Recently on my way to the Detroit airport, I noticed a sign on the bus: “Please use earbuds or headphones to further limit noise.”
Not a single person was talking; it was a silent ride, but what struck me was the assumption that the sound of people talking on the phone was unwanted. Had we been on a similar bus in another city or country, perhaps no amount of signage would have prevented loud phone conversations, on speaker no less.
The key word here for me is noise. What is noise in one culture is incidental or environmental in another.
As a scholar of music who teaches a class called “NOISE,” about the evolution of noise in music and culture, I look at this concept differently from many Americans.
To understand the difference between noise, sound, and music, we have to look at history. For hundreds of thousands of years, humans lived in the age of melody—birdsong, human vocals, animal calls. Think 43,000-year-old bone flutes and the Hurian Hymn no. 6, a 4,000-year-old Sumerian clay tablet, the first known notated music.
Melody still reigns. Playing oldies to Alzheimer’s patients helps trigger memories. Earworms proliferate on TikTok. Memory and melody are entwined.
Yet noise persists, even more so today than during the Industrial Revolution, when machines took over the sonic landscape, and it’s divided along class and cultural lines. In 2017, a NIH study found that urban noise pollution like industrial activity or traffic noise is worst in poor and minority neighborhoods, which negatively impacts health outcomes and student academic performance. Noise can also be used as a weapon. Heavy metal music was used as a form of torture in Guantanamo Bay.
But what is noise to some is music to others. Some of my students listen to metal all day. And what many people deem high art—classical music—is used to deter the homeless population in places like Port Authority in New York City.
We need to be talking about noise. Because with the rise in AI, noise is even more important. In fact, every machine learning model needs noise, or else it overfits. That means the model is too tailored on the data it was trained on and performs badly on new, unseen data. Noise is of utmost importance to AI.
The most powerful AI image-generation models are essentially de-noising algorithms. They’re called diffusion models, and they “diffuse” training data with random noise, then learn how to reverse that process to generate new material, effectively “denoising” any new data into something meaningful. It’s what wowed the Internet three years ago with realistic image generation—text-to-image models like DALL-E 2, Midjourney, and Stable Diffusion. When trained on a lot of data, these diffusion models can create something recognizable from seemingly nothing That’s not just useful for generating fantastical memes; diffusion models can also generate detailed MRI scans from sparse data or 3D molecular structures for drug discovery.
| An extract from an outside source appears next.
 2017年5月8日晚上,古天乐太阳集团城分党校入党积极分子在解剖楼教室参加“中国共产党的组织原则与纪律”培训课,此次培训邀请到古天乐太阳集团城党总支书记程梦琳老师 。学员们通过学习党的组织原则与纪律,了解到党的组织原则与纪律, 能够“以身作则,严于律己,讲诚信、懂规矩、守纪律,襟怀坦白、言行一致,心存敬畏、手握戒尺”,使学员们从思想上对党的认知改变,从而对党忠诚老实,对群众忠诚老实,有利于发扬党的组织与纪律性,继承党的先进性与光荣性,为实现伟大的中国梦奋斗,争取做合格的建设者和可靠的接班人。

Noise can be harmful, but it can also be beneficial. It can be harnessed. I’m not saying that noise should automatically be considered music, nor the other way around. That equivalence requires a certain intention on our part, through active listening. But at the end of the day, things that lend realism are these incidental details: the specific noise profile of a Parisian café with its glass clinks and spoken French “zh”s, or North Seymour Island of the Galapagos with its large population of blue-footed boobies and swallow-tailed gulls whistling and clicking.
Perhaps counterintuitively, we need noise in our political conversations too. Our newsfeeds and social circles are so insulated, we no longer have to wrestle with other points of view that can crystallize our own thoughts and generate new ideas or even compromises. Fittingly, public spaces in which there is the potential for political pluralization, conversation, and demonstration—like parks, town squares, transportation hubs—also happen to be places that are sonically noisiest.
We should remember that podcasts, speeches, and other forms of media are a dialogue. How you receive information, perhaps using difficult and skillful work to parse it, is the muscle we exercise when we learn to appreciate noise.
We should attend to noise. It not only helps us sleep, in the form of white noise machines, or makes for a more interesting bus ride, but it also provides the necessary friction and chaos that make our lives more human.